• **Problem statement**
Pictures are to be dropped, and only the lines from the one containing "LOT 167M: Painted" through the end of the data below are to be reproduced as written.

-*-

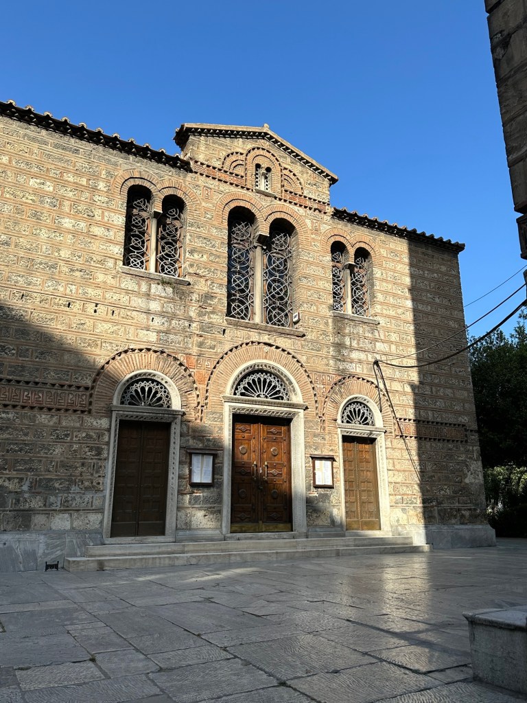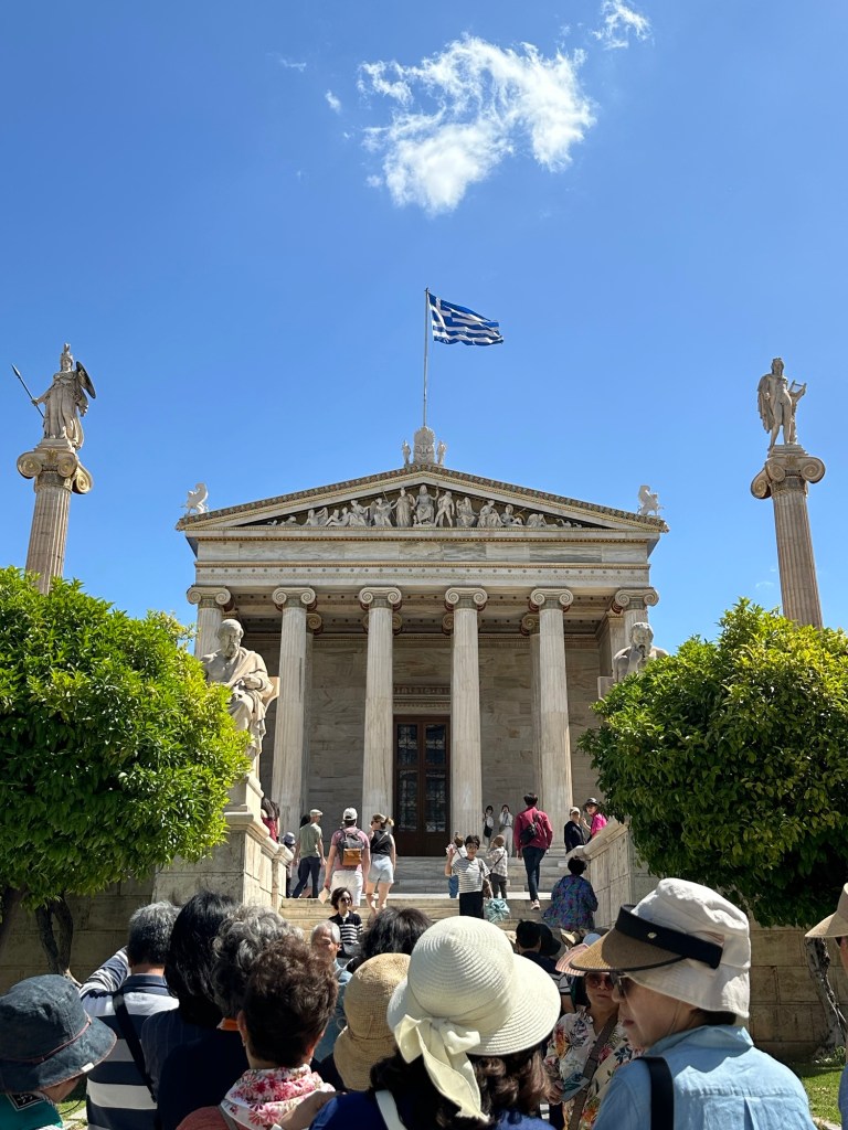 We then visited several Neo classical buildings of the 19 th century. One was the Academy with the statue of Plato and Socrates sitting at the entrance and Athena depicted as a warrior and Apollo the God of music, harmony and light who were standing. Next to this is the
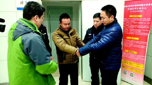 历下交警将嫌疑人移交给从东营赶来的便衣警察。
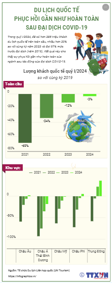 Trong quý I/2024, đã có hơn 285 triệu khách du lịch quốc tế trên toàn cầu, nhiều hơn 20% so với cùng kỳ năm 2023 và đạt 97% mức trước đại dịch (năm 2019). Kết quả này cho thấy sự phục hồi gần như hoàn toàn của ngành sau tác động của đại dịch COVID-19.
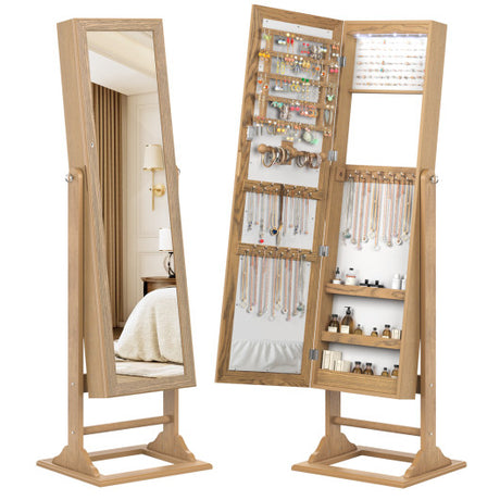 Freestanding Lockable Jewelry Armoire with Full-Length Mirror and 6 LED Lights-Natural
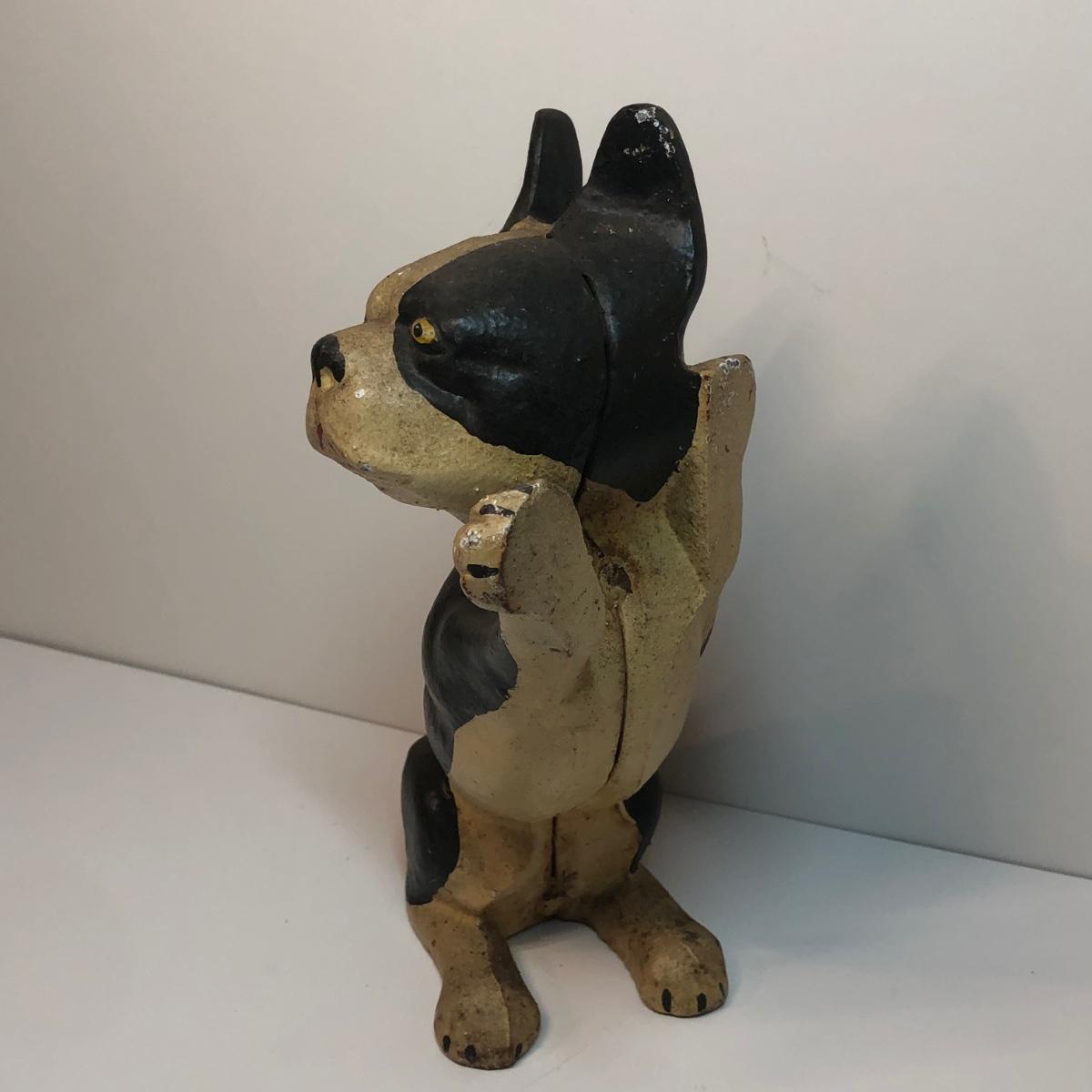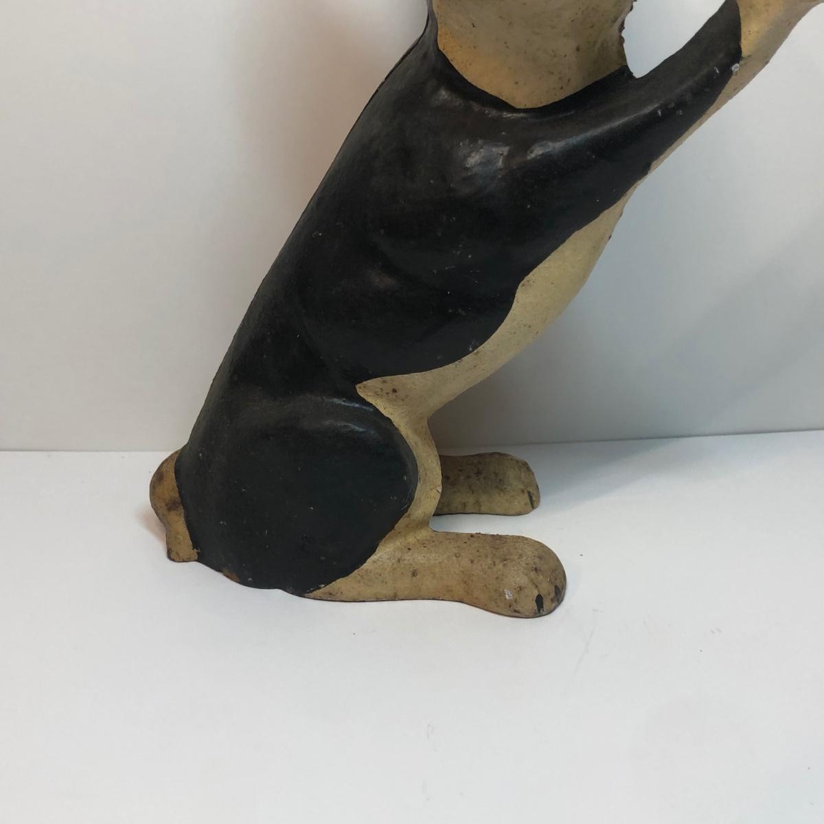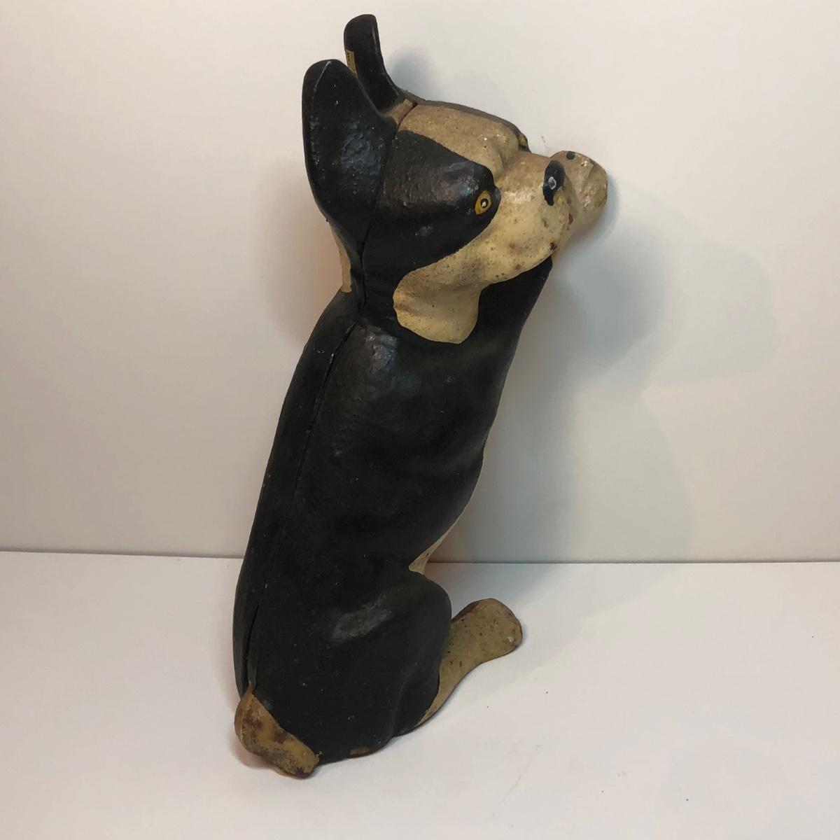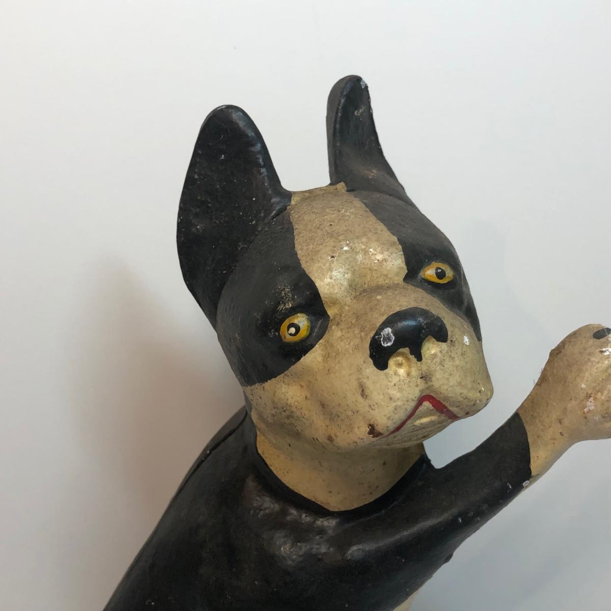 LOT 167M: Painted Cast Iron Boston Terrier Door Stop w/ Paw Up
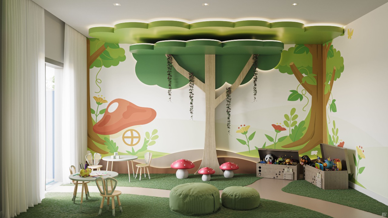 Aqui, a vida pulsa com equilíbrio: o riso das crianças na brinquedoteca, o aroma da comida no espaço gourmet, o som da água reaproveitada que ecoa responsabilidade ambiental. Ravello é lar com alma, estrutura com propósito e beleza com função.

-*-

• **Response to the task**
 LOT 167M: Painted Cast Iron Boston Terrier Door Stop w/ Paw Up
 Aqui, a vida pulsa com equilíbrio: o riso das crianças na brinquedoteca, o aroma da comida no espaço gourmet, o som da água reaproveitada que ecoa responsabilidade ambiental. Ravello é lar com alma, estrutura com propósito e beleza com função.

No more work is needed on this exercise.